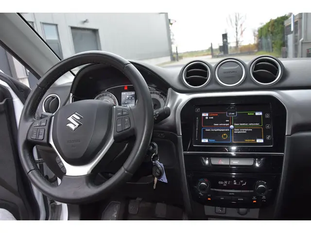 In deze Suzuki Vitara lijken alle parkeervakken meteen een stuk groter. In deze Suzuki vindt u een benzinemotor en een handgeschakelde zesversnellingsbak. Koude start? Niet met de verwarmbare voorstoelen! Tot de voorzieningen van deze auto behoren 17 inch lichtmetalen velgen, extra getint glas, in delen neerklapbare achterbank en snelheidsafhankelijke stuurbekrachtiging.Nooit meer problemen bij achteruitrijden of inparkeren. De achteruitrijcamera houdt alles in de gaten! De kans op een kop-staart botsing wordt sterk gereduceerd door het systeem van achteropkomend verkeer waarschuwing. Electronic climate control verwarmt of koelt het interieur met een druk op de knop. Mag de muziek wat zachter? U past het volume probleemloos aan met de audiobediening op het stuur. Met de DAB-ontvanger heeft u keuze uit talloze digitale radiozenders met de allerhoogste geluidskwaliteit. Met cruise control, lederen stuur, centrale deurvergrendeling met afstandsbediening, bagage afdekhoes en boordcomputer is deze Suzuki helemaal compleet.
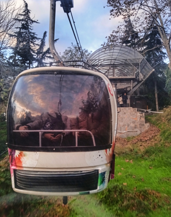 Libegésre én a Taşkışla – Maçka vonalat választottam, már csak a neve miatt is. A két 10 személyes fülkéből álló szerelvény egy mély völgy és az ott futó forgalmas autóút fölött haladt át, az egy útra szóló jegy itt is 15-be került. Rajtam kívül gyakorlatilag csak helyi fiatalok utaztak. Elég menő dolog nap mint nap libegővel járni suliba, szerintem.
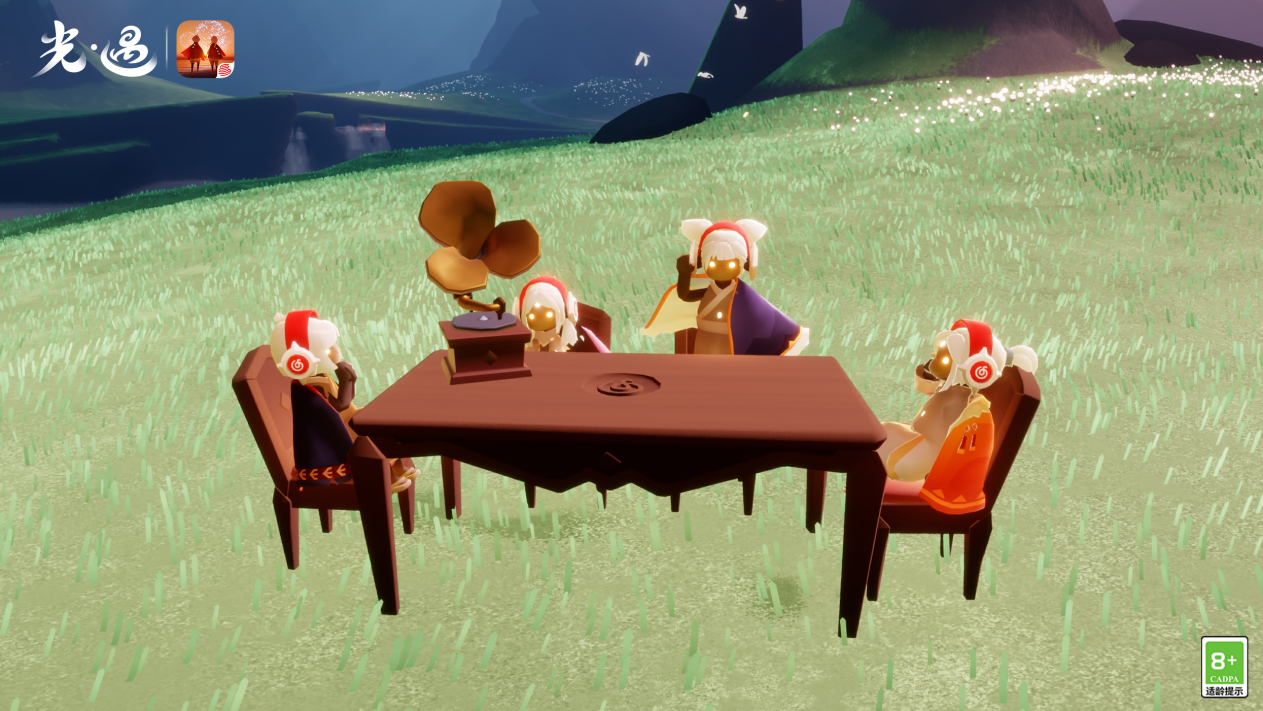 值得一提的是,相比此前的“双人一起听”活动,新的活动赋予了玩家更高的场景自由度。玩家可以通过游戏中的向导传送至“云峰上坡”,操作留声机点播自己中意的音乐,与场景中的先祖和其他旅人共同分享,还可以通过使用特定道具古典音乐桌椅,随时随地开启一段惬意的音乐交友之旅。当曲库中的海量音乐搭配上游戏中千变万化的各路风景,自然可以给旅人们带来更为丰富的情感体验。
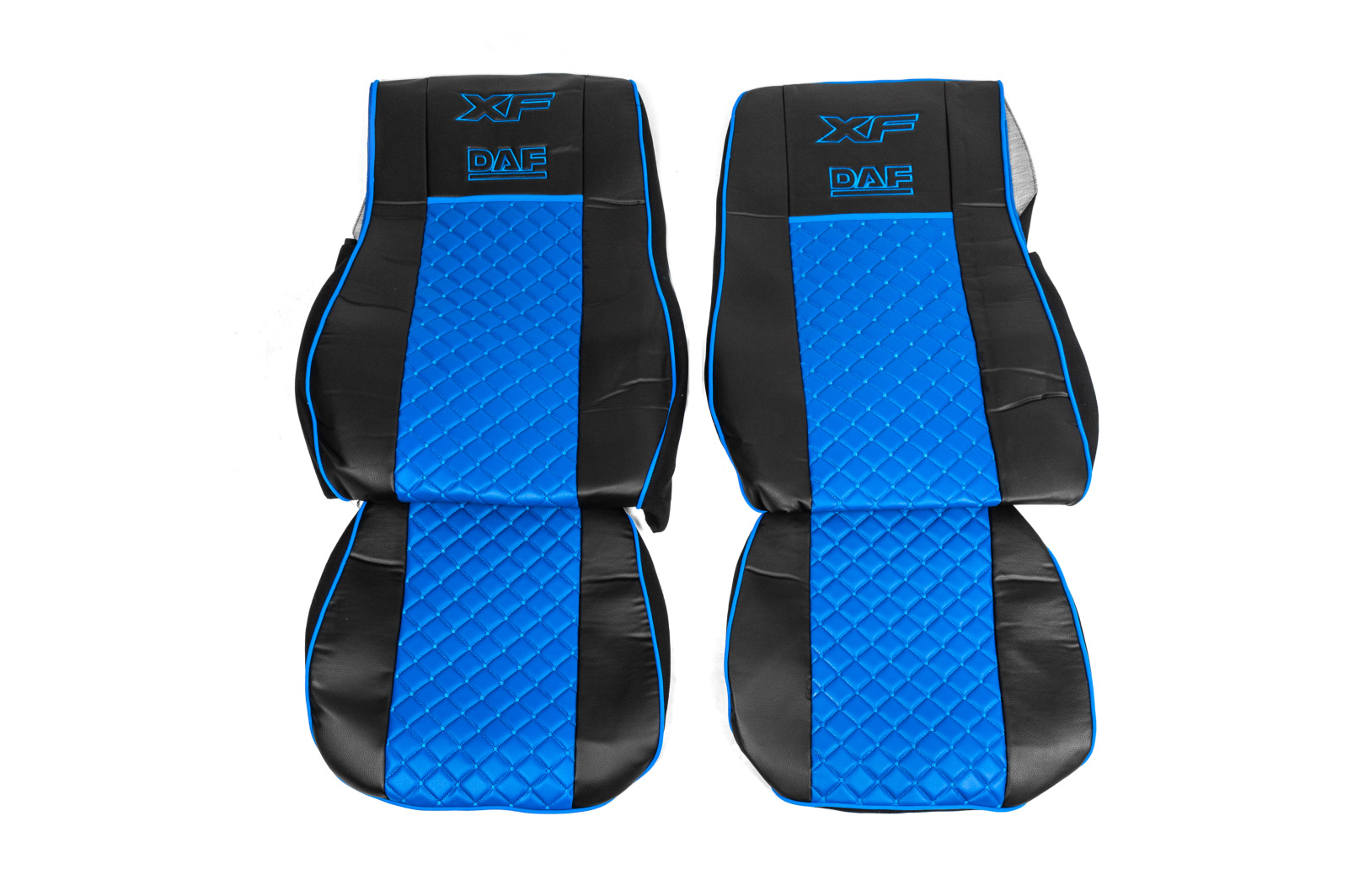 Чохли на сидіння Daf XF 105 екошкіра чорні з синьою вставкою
...
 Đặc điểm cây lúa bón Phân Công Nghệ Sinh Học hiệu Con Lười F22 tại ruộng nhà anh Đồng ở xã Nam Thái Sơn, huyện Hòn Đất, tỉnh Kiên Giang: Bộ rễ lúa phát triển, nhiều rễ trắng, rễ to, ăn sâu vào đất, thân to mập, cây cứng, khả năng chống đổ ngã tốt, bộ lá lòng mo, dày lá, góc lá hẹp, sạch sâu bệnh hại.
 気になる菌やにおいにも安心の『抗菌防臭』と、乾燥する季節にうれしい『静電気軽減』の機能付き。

Task statement
Skipping every picture, transcribe exactly the lines above from the one containing "In deze Suzuki Vitara" through the one containing "Libegésre én a", both included.

Output
 In deze Suzuki Vitara lijken alle parkeervakken meteen een stuk groter. In deze Suzuki vindt u een benzinemotor en een handgeschakelde zesversnellingsbak. Koude start? Niet met de verwarmbare voorstoelen! Tot de voorzieningen van deze auto behoren 17 inch lichtmetalen velgen, extra getint glas, in delen neerklapbare achterbank en snelheidsafhankelijke stuurbekrachtiging.Nooit meer problemen bij achteruitrijden of inparkeren. De achteruitrijcamera houdt alles in de gaten! De kans op een kop-staart botsing wordt sterk gereduceerd door het systeem van achteropkomend verkeer waarschuwing. Electronic climate control verwarmt of koelt het interieur met een druk op de knop. Mag de muziek wat zachter? U past het volume probleemloos aan met de audiobediening op het stuur. Met de DAB-ontvanger heeft u keuze uit talloze digitale radiozenders met de allerhoogste geluidskwaliteit. Met cruise control, lederen stuur, centrale deurvergrendeling met afstandsbediening, bagage afdekhoes en boordcomputer is deze Suzuki helemaal compleet.
 Libegésre én a Taşkışla – Maçka vonalat választottam, már csak a neve miatt is. A két 10 személyes fülkéből álló szerelvény egy mély völgy és az ott futó forgalmas autóút fölött haladt át, az egy útra szóló jegy itt is 15-be került. Rajtam kívül gyakorlatilag csak helyi fiatalok utaztak. Elég menő dolog nap mint nap libegővel járni suliba, szerintem.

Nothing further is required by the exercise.